Thursday, February 27, 2020

When the waiter doesn't give exact change



I tend to write about weighty things. Life also has little details.

I still pay for some restaurant meals with cash, especially if it's a lunch where the total bill is under $20. Waiters have been making occasional mistakes for as long as there have been waiters, yet today I write about something else.

It may have been ten years ago that I first ran into the idea of waiters deliberately not giving you exact change. The first problem is psychological. When people my age were young, a quarter was a valuable coin -- because of inflation but also because children are much poorer than adults. It is no longer of much importance to you if you're being a rational economic actor, but it still has that trace in my feelings. So if their change is off by even a quarter, it is already changing the rules of the game. They're forcing you into the realm of approximations where you're supposed to think that maybe a quarter doesn't matter. I've never known a waiter at a Chinese restaurant to do this, and it's one nice feature of Chinese restaurants (a tiny one, to be sure).
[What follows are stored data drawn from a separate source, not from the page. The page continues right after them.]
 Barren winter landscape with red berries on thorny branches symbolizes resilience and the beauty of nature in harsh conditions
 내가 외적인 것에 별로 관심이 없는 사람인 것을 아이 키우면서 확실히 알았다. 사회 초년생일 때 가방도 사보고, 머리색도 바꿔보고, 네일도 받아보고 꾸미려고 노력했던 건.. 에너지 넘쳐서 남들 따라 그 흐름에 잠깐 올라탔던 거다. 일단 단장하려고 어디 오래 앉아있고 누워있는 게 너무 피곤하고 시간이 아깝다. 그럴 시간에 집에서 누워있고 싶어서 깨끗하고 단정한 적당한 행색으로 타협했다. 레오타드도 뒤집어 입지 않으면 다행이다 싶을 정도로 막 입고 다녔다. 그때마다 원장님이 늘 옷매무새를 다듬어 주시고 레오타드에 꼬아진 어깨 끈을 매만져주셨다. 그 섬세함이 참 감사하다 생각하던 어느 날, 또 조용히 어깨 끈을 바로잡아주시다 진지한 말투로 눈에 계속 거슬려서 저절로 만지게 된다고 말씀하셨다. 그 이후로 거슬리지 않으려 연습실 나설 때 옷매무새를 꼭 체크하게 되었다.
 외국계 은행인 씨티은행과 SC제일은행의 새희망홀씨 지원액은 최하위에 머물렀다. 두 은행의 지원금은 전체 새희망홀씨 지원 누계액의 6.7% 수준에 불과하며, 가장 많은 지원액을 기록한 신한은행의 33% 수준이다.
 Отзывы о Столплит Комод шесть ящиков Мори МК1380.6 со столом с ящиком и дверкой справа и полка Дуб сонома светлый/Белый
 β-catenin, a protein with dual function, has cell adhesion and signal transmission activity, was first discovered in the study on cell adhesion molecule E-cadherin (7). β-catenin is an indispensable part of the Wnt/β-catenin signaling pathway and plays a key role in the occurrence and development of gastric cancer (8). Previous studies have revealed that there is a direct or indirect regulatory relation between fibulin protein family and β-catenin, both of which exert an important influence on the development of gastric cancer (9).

Say the bill is $10.25 and you give them a twenty. If they bring you a five and ten ones, I find it mildly annoying for the reasons above but not too bad. I figure they are being generous and offering me a free quarter. I proceed to leave a cash tip. I can verify it's correct because I see two ones there and know it is 20% of my ten-dollar tab.

What I really dislike is when they only bring you a five and four ones. You've been shorted by seventy-five cents. Who has pocketed that seventy-five cents? I assume it is the waiter, not the restaurant, though it's not entirely clear. Next, they are assuming you are going to leave a tip -- which goes against the social form of a tip as a voluntary payment. But what's more, they are making you do extra math. If I want to leave a 20% tip I should now put down one dollar bill and a quarter. Now when I look at the cash on the table as against my ten-dollar tab, it looks like a very poor tip. But if a quarter isn't important, then I could just leave a dollar. Yet I'm also aware that that is a tip under 20%, so there's some temptation to leave an extra dollar to be sure it's enough.

As long as we as a society are still using coins, we should use them right, partly to be in harmony with our past.

I am happy with retail stores that have a dish of pennies, because you can grab one to cover your purchase of $10.01, and it's also a place to put the few pennies you might get in change. Even when I was young, pennies were not very important. But the vital thing is that it is voluntary. I can if I choose fish in my pocket for that extra penny I owe, and I can pocket the pennies I get from change. I think of penny dishes as an arrangement you see in places on the lower end of the economic spectrum. Maybe there's some stigma attached to it, but I don't think there should be.

I am sympathetic to restaurants adding 18% or 20% to the bill for parties of five or more. When it's no one person's job to make sure everything adds up to include a decent tip, I presume the total is often short, which is why they adopt these policies. In that case there is real money at stake.

In fact, when I order a lunch special that costs $10 and ask for water as my beverage (because in fact water is the beverage I want most), I will typically leave a tip of 30% or even 40%. They've done as much work as they would for a more expensive meal. But that is my choice, and that makes all the difference.